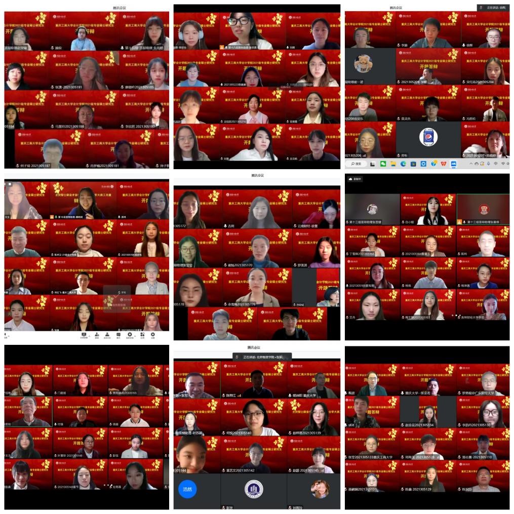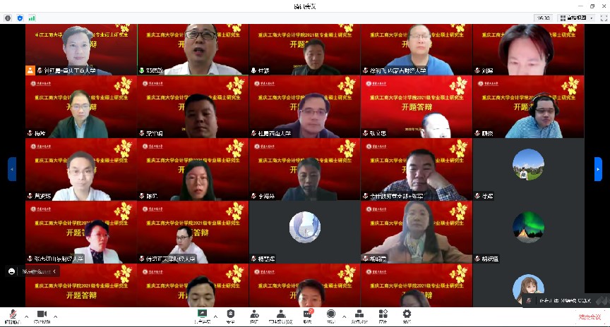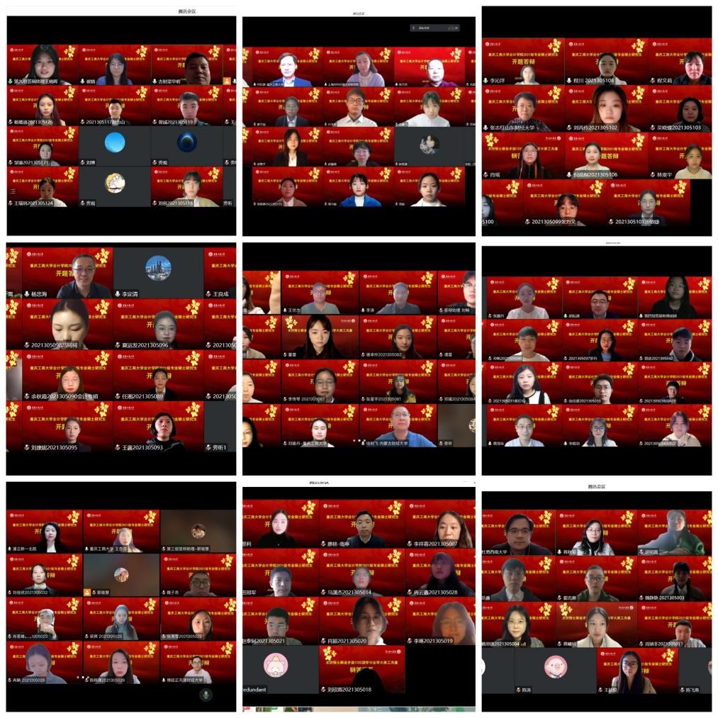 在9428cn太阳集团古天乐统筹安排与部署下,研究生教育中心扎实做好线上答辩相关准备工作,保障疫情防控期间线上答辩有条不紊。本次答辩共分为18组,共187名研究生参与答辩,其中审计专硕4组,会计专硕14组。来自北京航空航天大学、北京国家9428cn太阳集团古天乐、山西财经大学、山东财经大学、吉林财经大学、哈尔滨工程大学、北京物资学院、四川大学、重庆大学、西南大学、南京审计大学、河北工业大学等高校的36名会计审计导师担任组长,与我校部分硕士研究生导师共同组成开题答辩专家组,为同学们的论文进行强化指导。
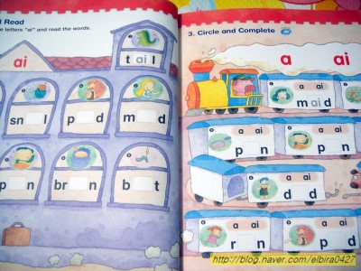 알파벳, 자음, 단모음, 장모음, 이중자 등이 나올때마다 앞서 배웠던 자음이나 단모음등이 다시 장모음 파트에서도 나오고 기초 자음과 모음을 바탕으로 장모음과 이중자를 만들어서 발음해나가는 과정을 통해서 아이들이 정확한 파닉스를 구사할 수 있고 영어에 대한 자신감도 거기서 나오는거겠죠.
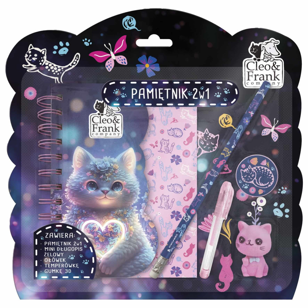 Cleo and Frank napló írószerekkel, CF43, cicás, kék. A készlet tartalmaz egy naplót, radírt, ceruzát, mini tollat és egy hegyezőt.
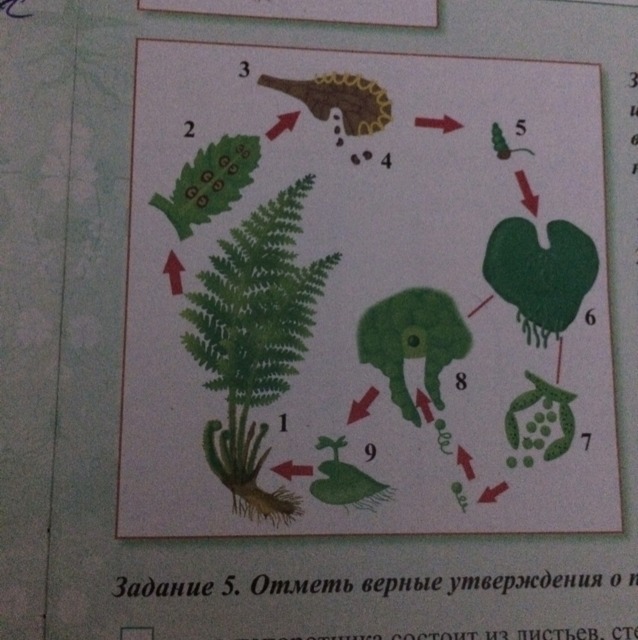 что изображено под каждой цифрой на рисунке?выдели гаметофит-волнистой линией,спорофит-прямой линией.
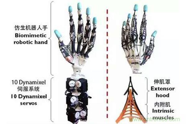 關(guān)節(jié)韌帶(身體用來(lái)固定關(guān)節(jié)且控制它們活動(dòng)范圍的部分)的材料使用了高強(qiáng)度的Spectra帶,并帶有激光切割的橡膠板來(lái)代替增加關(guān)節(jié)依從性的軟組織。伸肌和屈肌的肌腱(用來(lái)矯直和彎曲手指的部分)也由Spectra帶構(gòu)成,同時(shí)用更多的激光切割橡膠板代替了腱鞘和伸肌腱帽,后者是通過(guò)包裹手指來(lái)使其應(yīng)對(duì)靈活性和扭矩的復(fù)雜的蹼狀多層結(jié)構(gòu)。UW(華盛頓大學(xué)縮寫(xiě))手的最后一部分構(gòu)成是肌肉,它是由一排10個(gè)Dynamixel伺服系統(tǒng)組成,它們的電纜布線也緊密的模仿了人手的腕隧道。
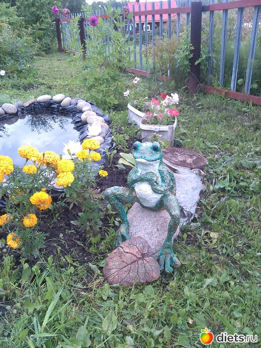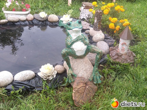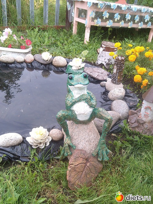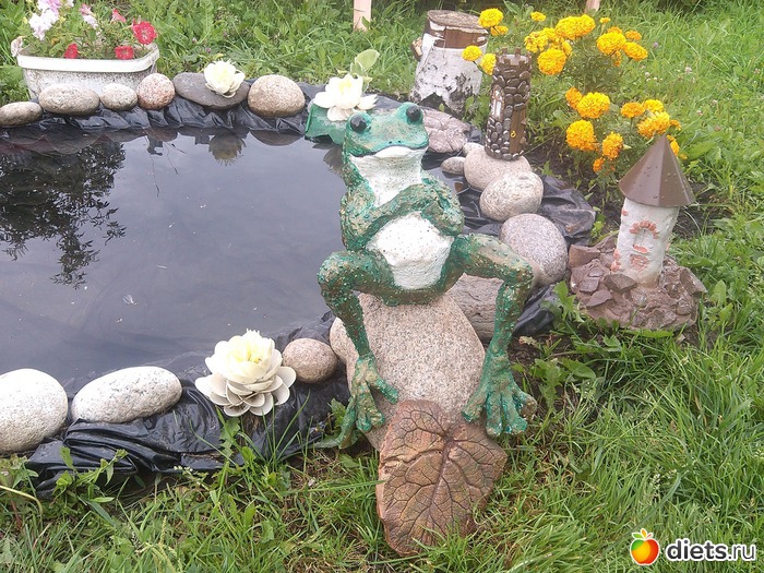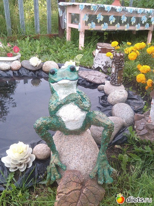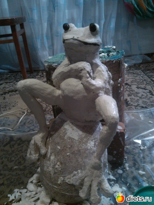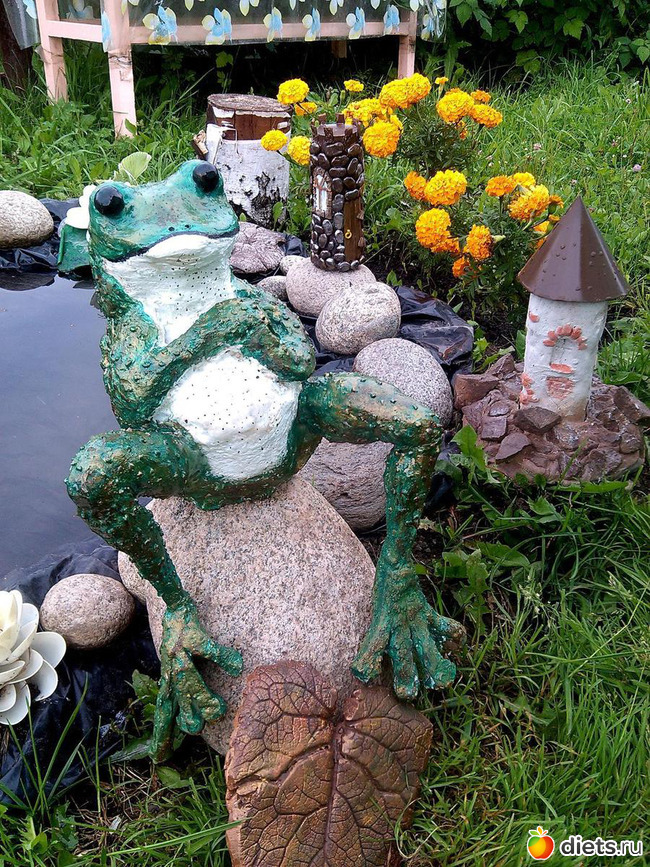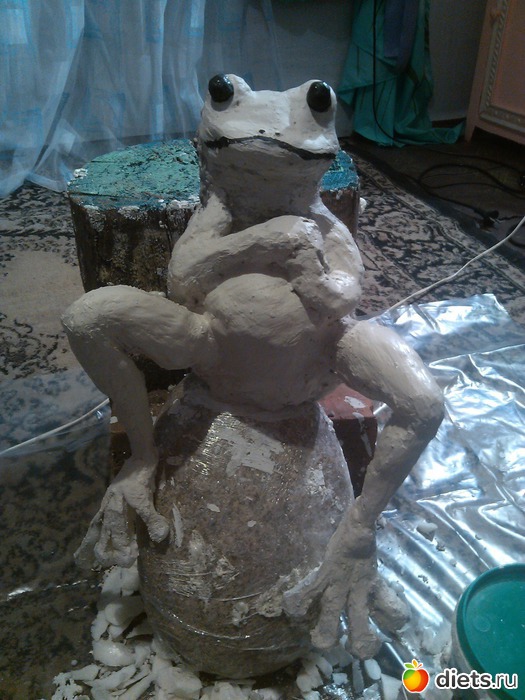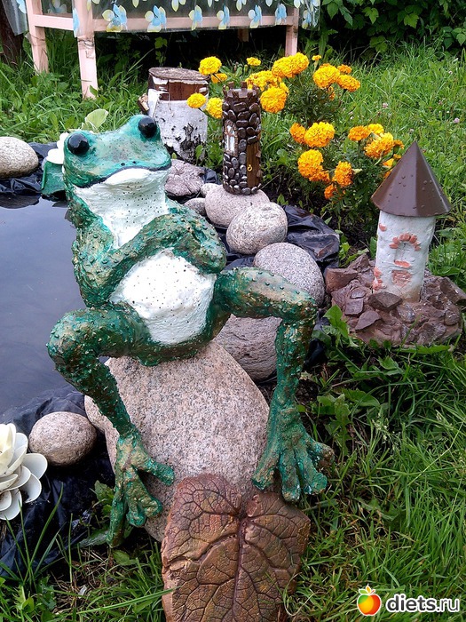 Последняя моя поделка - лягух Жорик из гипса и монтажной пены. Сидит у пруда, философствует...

_The task_
Pictures are to be left out; please print the rest of the records above word for word.

_Answer_
 在9428cn太阳集团古天乐统筹安排与部署下,研究生教育中心扎实做好线上答辩相关准备工作,保障疫情防控期间线上答辩有条不紊。本次答辩共分为18组,共187名研究生参与答辩,其中审计专硕4组,会计专硕14组。来自北京航空航天大学、北京国家9428cn太阳集团古天乐、山西财经大学、山东财经大学、吉林财经大学、哈尔滨工程大学、北京物资学院、四川大学、重庆大学、西南大学、南京审计大学、河北工业大学等高校的36名会计审计导师担任组长,与我校部分硕士研究生导师共同组成开题答辩专家组,为同学们的论文进行强化指导。
 알파벳, 자음, 단모음, 장모음, 이중자 등이 나올때마다 앞서 배웠던 자음이나 단모음등이 다시 장모음 파트에서도 나오고 기초 자음과 모음을 바탕으로 장모음과 이중자를 만들어서 발음해나가는 과정을 통해서 아이들이 정확한 파닉스를 구사할 수 있고 영어에 대한 자신감도 거기서 나오는거겠죠.
 Cleo and Frank napló írószerekkel, CF43, cicás, kék. A készlet tartalmaz egy naplót, radírt, ceruzát, mini tollat és egy hegyezőt.
 что изображено под каждой цифрой на рисунке?выдели гаметофит-волнистой линией,спорофит-прямой линией.
 關(guān)節(jié)韌帶(身體用來(lái)固定關(guān)節(jié)且控制它們活動(dòng)范圍的部分)的材料使用了高強(qiáng)度的Spectra帶,并帶有激光切割的橡膠板來(lái)代替增加關(guān)節(jié)依從性的軟組織。伸肌和屈肌的肌腱(用來(lái)矯直和彎曲手指的部分)也由Spectra帶構(gòu)成,同時(shí)用更多的激光切割橡膠板代替了腱鞘和伸肌腱帽,后者是通過(guò)包裹手指來(lái)使其應(yīng)對(duì)靈活性和扭矩的復(fù)雜的蹼狀多層結(jié)構(gòu)。UW(華盛頓大學(xué)縮寫(xiě))手的最后一部分構(gòu)成是肌肉,它是由一排10個(gè)Dynamixel伺服系統(tǒng)組成,它們的電纜布線也緊密的模仿了人手的腕隧道。
 Последняя моя поделка - лягух Жорик из гипса и монтажной пены. Сидит у пруда, философствует...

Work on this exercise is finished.